Nixon Peabody LLP
- Headquarters: 53 State Street, Boston, Massachusetts, U.S.
- No. of offices: 16
- No. of attorneys: 700
- Major practice areas: General practice
- Key people: Steve Zubiago, CEO & Managing Partner Andrew Glincher, Senior Chairman and Partner
- Date founded: December 31, 1999 (merger)
- Company type: Limited liability partnership
- Website: www.nixonpeabody.com

= Nixon Peabody =

Law firm

Nixon Peabody LLP is a Boston-based law firm with over 700 attorneys collaborating across major practice areas in cities across the U.S. and international offices in London, Hong Kong, and Shanghai. In addition to the firm's Boston headquarters, it maintains U.S. office locations in New York City, Washington, D.C., Chicago, San Francisco, Los Angeles, Palo Alto, Albany, Buffalo, Manchester, Rochester, and Providence.

The firm works in commercial litigation, IP litigation, product liability, government investigations, white-collar defense, arts and cultural institutions, and Indian law and gaming. They have represented clients such as JetBlue, Constellation Brands, Corning Incorporated, and Gannett Co., among others. Additionally, the firm has represented parties in the financing of new stadiums for the Mets and Yankees. The firm has nearly thirty teams that focus on specific industries or areas of law.

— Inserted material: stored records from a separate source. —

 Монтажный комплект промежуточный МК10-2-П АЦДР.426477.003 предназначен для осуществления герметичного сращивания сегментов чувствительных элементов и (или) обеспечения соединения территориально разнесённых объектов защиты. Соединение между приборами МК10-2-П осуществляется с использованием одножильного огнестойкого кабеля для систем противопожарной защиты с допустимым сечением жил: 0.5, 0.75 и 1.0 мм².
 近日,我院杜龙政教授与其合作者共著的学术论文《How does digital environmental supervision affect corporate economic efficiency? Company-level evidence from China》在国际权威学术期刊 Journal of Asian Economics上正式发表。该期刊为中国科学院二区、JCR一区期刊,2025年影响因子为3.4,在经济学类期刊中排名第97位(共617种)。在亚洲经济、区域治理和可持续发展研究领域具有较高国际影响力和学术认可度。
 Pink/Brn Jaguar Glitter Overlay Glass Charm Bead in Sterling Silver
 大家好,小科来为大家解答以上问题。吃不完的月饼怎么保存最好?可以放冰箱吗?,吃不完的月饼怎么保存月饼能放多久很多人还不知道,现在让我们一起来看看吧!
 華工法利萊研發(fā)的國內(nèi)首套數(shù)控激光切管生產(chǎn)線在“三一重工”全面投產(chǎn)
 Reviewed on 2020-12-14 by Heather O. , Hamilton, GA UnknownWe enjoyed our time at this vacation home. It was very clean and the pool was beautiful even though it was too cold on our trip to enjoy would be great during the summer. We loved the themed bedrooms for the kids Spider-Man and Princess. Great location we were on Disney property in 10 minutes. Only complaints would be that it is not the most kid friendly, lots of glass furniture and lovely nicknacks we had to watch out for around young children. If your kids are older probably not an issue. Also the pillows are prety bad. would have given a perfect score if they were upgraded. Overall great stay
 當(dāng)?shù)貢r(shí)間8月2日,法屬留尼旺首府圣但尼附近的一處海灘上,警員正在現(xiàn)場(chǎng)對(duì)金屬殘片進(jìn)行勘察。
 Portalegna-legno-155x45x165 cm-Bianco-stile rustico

Stephen Zubiago serves as Nixon Peabody's chief executive officer and managing partner, a role he has held since February 2021. Andrew Glincher is the firm's senior chairman.

== History ==
Nixon Peabody was formed by the 1999 merger of two firms that began practicing more than a century ago: Nixon, Hargrave, Devans & Doyle LLP and Peabody & Brown. Nixon Hargrave was originally a Rochester, New York, firm that had grown to become one of the largest law firms in New York.

In 2000, Nixon Peabody merged with Sixbey Friedman Leedom & Ferguson in Northern Virginia, doubling the size of its intellectual property practice.

The firm expanded into California in 2001 through a merger with Lillick & Charles, founded in San Francisco in 1897.

In December 2002, Nixon Peabody merged with the 150-year-old Boston firm of Hutchins, Wheeler & Dittmar, adding fifty attorneys in the areas of business, litigation, and health services.

In late 2008, Nixon Peabody declared an objective to double the size of the firm in the next three or four years. The firm said it would hire up to 100 attorneys from the dissolving firm Thelen LLP, and in October took on 25 lawyers in Paris, a move that led to a legal dispute with UK firm Taylor Wessing.

In February 2015, Chicago-based mid-sized law firm Ungaretti & Harris LLP merged into Nixon Peabody, adding 100 attorneys and experience in corporate, health care, real estate, litigation, public finance, intellectual property, and government relations.

In October 2015, Nixon Peabody consolidated operations with CWL Partners, a firm based in Hong Kong. The two firms had been formally associated with each other since 2010. The combined firm is known as Nixon Peabody CWL in Hong Kong but will remain as Nixon Peabody LLP in the U.S., Europe, and the firm's Shanghai, China, office.

==Pro bono==
In 2011, Nixon Peabody attorneys spent an average of 56 hours on pro bono matters, or 3.7% of their billable hours. The firm as a whole contributed 37,539 hours to pro bono work. The firm "targets 3% of billable hours annually for pro bono work."

Nixon Peabody has worked on behalf of a wide range of pro bono clients, including microfinance work veterans' affairs, asylum and immigration cases, domestic violence matters and with various legal aid organizations on a wide range of matters, in some cases as part of a corporate partnership (the firm's Albany office partners with General Electric's Global Research division on community pro bono matters).

In 2009, the Manchester office launched the Nixon Peabody Domestic Protection Team, aimed at assisting victims of domestic violence. In 2012, Nixon Peabody partners co-authored the amicus brief by the New York State Bar Association in Fisher v. University of Texas, et al. The NYSBA brief argues that the government has a compelling interest in promoting diversity in the legal profession, which cannot happen without meaningful diversity in the undergraduate pipeline.

==Litigation==
Chambers describes Nixon Peabody's litigation activities as involving commercial litigation, IP litigation, product liability, government investigations, white-collar defense, arts and cultural institutions, and Indian law and gaming. Lawyers at the Washington office perform much of their work at the Court of Federal Claims.

==Offices==
Nixon Peabody has 13 US offices and three international offshoots in London, Hong Kong, and Shanghai.